Computers learning Tic-Tac-Toe using neural networks
In today's post, we study ways to play Tic-Tac-Toe using different deep Q-learning algorithms using dual networks, duelling networks, convolutional networks and prioritised experience replay. Just as in the previous post, we heavily draw on Carsten Friedrich's excellent notebook series to explore some reinforcement learning algorithms in more depth. I will gloss over some details, so please refer to Carsten's post for some more explanations. You may find the accompanying Python code on GitHub.
Deep Q-Network
The idea of Deep Q-Network (DQN) is simple: Instead of having a table that directly stores the Q-values as in the case of tabular Q-learning, we use a regression algorithm to approximate the table. The underlying algorithm stays the same, but instead of directly updating the values in the table, we give the regression algorithm information about how the Q-values should be updated. The advantage? While it is possible to have a table for all actions and states for a simple game like Tic-Tac-Toe, in a more complex setting the state space grows far too quickly and we need some low-dimensional approximation. In principle, any regression algorithm can be used for the task, but this algorithm uses neural networks. Hence the name Deep Q-Network. There are a number of reasons why one would choose neural networks over decision trees or a nearest-neighbour algorithm etc.:
- Scalability to high-dimensional inputs: Neural networks can handle large, continuous, or high-dimensional state spaces, especially when states are images or sensor arrays.
- Generalization: NNs can generalize from seen to unseen states, rather than memorizing exact values. This is crucial in environments where each state is encountered at most once.
- End-to-end learning: They can learn directly from raw input without the need for manual feature engineering, making them ideal for tasks like vision-based control.
Compared to tabular Q-learning, DQN-learning can become unstable or even diverge and it may misestimate Q-values, especially in underexplored regions. So, whenever you have the option to use tabular Q-learning, go for it. It is more stable and often provides better results – even if you have to manually craft features to describe the state-space in my experience.
You’re not just learning from experience — you’re trusting an approximator that you don’t understand to make up values you haven’t seen.
Given that we are approximating a Q-table, we can benchmark all deep Q-learning algorithms against the tabular Q-agent whose performance is summarised by Figure 1 below.
What changes compared to tabular Q-learning?
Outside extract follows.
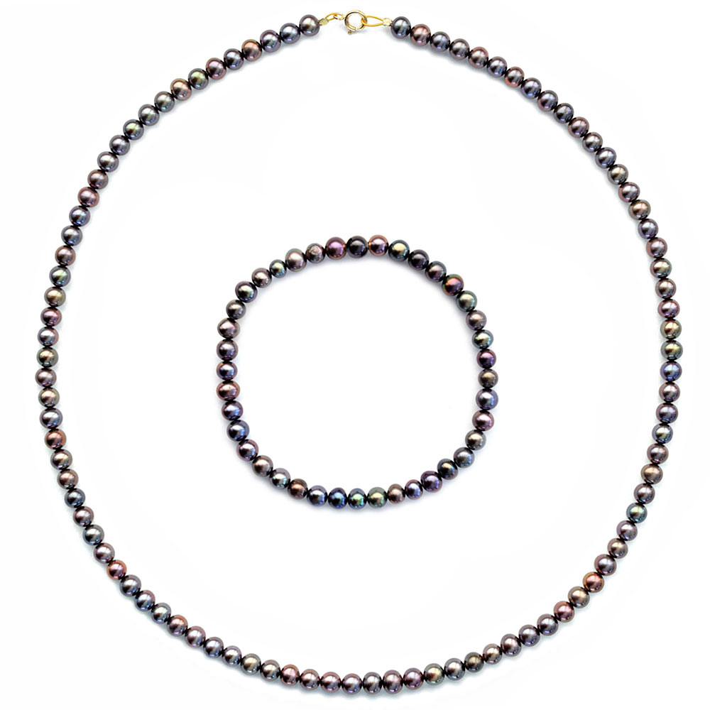 Σετ κολιέ και βραχιόλι με Κ14 χρυσό κούμπωμα και μαύρα μαργαριτάρια - M990094

In tabular Q-learning, the Q-values are updated using the Bellman equation:
\[Q(s_t, a_t) \leftarrow (1-\alpha) Q(s_t, a_t) + \alpha \left[ r_{t+1} + \gamma \max_a Q(s_{t+1}, a)\right]\]In DQN, we replace the Q-table with a neural network \(Q_\theta(s, a)\) parameterized by weights \(\theta\), and minimize the mean squared error loss between the predicted Q-value and the target:
\[L(\theta) = \mathbb{E}_{(s, a, r, s') \sim D} \left[ \left( y - Q_\theta(s, a) \right)^2 \right]\]where the target value is:
\[y = r + \gamma \max_{a'} Q_{\theta^-}(s', a')\]Here, \(Q_{\theta^-}\) is the target network (a periodically updated copy of the Q-network) used to stabilize learning.
Compared to tabular Q-learning, DQN introduces additional design decisions and hyperparameters:
- Learning rate (α): Typically lower than in tabular Q-learning (here: 0.01) to avoid destabilizing the NN updates.
- Neural network architecture: For this benchmark, we use TensorFlow Keras for a fully-connected network with a single hidden layer of 64 neurons and ReLU activation with Adam optimiser and mean-squared error.
- Replay buffer: Stores past transitions (here: up to 10,000) and allows sampling mini-batches (here: 128 once there are at least 1,000 transitions) to break temporal correlations.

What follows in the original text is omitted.